December 12, 1998 – January 2002

Between 1998 and 2002, the Coastal Bend Gay Pride Alliance created an online presence during the internet’s early days in order to “promote unity in the Lesbian, Bisexual, Gay Male, Transgender, and Heterosexual Community in the Texas Coastal Bend.” Though short-lived, the CBGPA and its organizers made important strides at establishing public pride events like a parade, annual festival, online magazine and store.

May 12, 2001

CATCH Prom: Corpus Christi Area Teen Coalition of Homosexuals hosts “A Starry Night” Alternative Prom at St.
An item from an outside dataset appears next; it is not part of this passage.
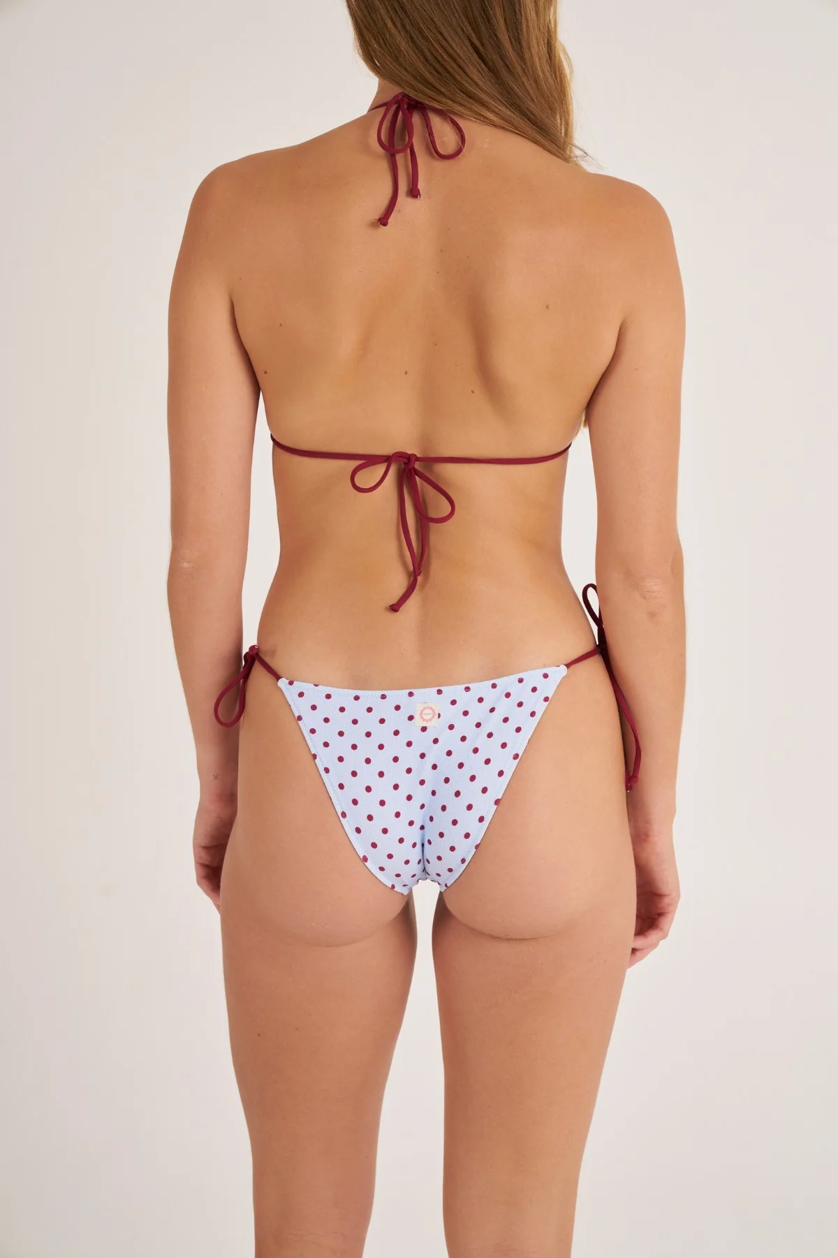 Κατασκευασμένο σε ένα πολύ κολακευτικό παστέλ λεβάντα χρώμα με μπορντό πουά τύπωμα, που ταιριάζει με τα μπορντό κορδονάκια.
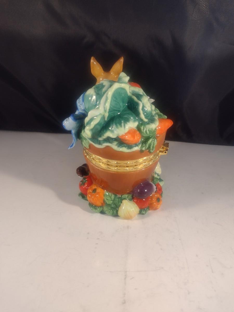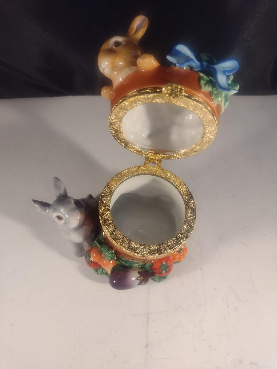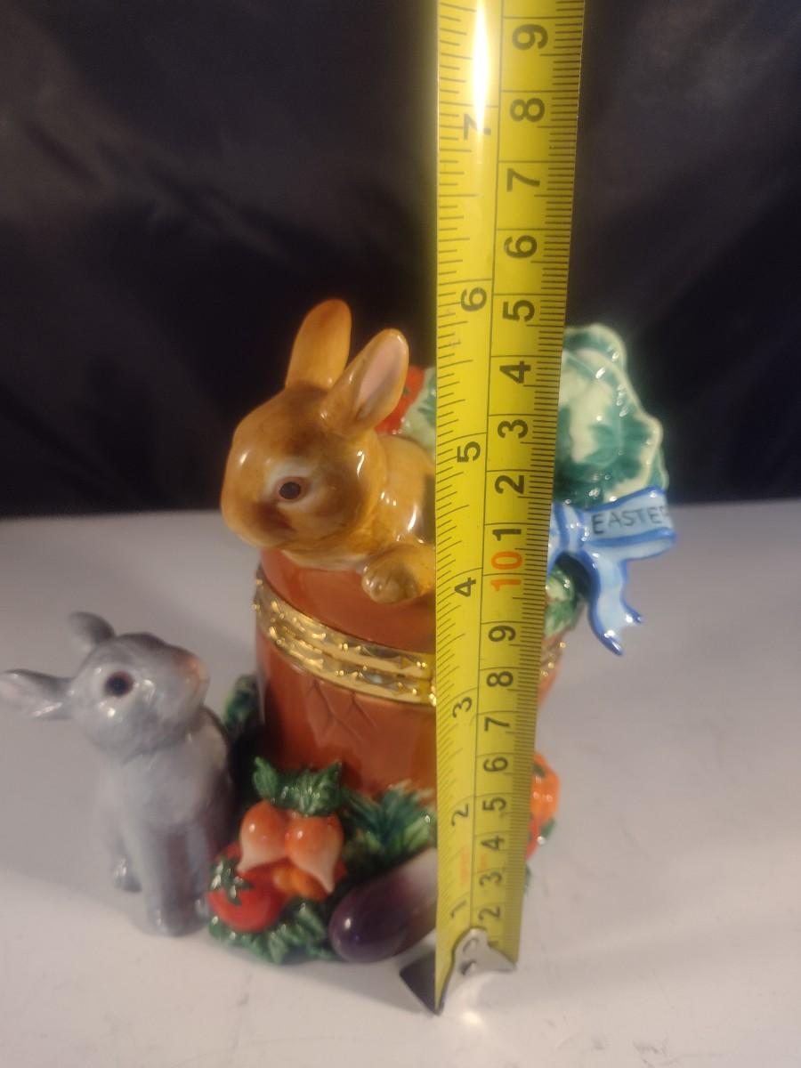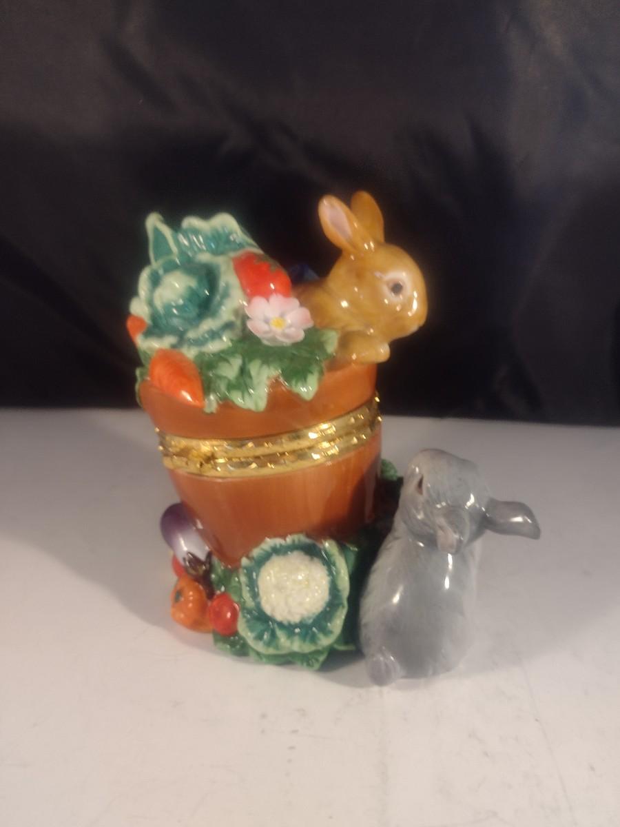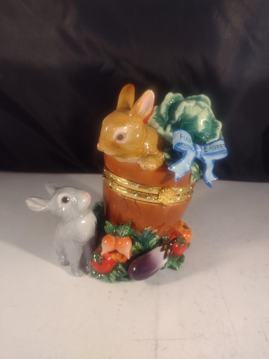 Ceramic Rabbit in a Bucket Hinged Trinket Box

Paul United Church of Christ at 5525 Lipes Blvd for 14-to-20 year olds.

June 8, 2002

The Metropolitan Community Church helped organize and host several Pride celebrations over the years including this 2002 Pride Fest.

December 1, 2010

Source: Corpus Christi Caller-Times

Sponsored by the Sigmi Phi Epsilon fraternity, the University Counseling Center, the Coastal Bend AID Foundation, and the Male Central Clinic, World AIDS Day 2010 was commemorated on the Texas A&M University Corpus Christi campus with public speakers, music, and free HIV testing.

June 27, 2015

Lisa Tober and Fanny Chirinos-Tober, both 41, were the first same-sex couple to receive a marriage license in Nueces County on Friday, five hours after the U.S. Supreme Court legalized gay marriage. The first license issued in Nueces County was at about 2 p.m. “We’ve been waiting 18 years. We can wait a little longer.”

October 22, 2015

Dr. Drewey Wayne Gunn (1938-2018) delivers reflections on a half century of living and working as a gay literary historian at Texas A&M University Kingsville. His talk “From the Closet to the Open Stacks: Reflections on the Past Fifty Years at the University” can be accessed online. After retirement in 2001, Dr. Gunn published eight books on gay pulp fiction including The Gay Male Sleuth in Print and Film and For the Gay Stage: A Guide to 465 Plays, Aristophanes to Peter Gill. His fascinating life was covered by the Kingsville Record and Bishop News.

May 22, 2018

Eric Holguin captures the Democratic Party’s nomination for the 27th Texas Congressional District making him the first out member of the Coastal Bend community to campaign in a national political race. Holguin remarked to Out Smart, a Houston LGBTQ magazine, “So a lot of LGBTQ youth—a lot of LGBTQ people in general—are very inspired, because they see someone who is fearless. I don’t really care what people think about me and my sexual orientation.”

The current timeline is only meant to be representational (and not exhaustive) of local LGBTQ history. As collections develop, dedicated webpages may be devoted to focused issues.